TASK OBJECTIVE:
Once the line containing "JM Collection Women's" is reached, copy it and every line after it exactly, to the end of the material, without pictures.

SOURCE DATA:
=== Section Start ===

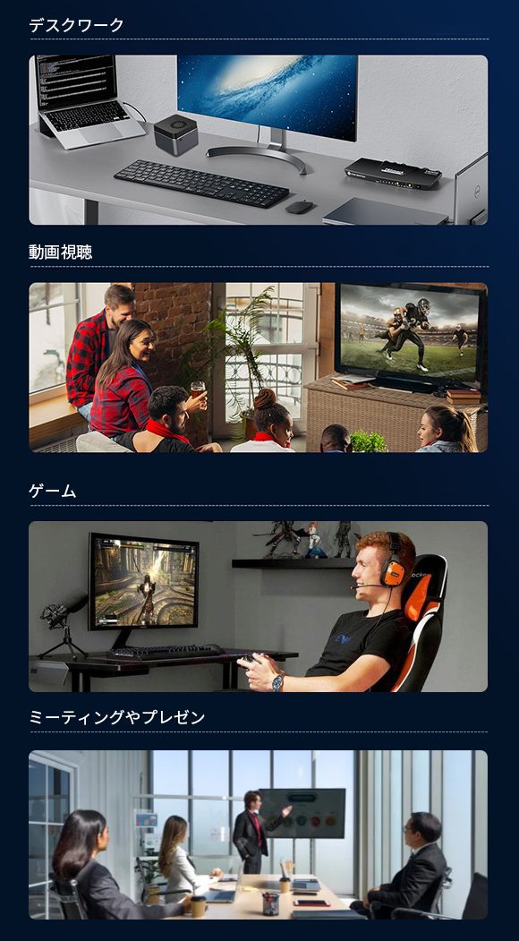 普通のデスクトップPCにも劣らない基本性能を搭載しており、普段のエンターテイメントから、マルチタスクを多用するビジネスシーンまで、様々な場面で大活躍します。
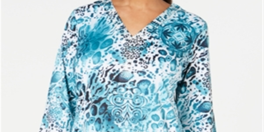 JM Collection Women's Split Neck Top Green Leopard Size Petite S/M
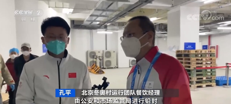 北京冬奥村运行团队餐饮经理孔平:装完之后会进行铅封,确保食品中途没有打开,保证食品安全。(记者张景 杨凯)

=== Section End ===

ANSWER SECTION:
 JM Collection Women's Split Neck Top Green Leopard Size Petite S/M
 北京冬奥村运行团队餐饮经理孔平:装完之后会进行铅封,确保食品中途没有打开,保证食品安全。(记者张景 杨凯)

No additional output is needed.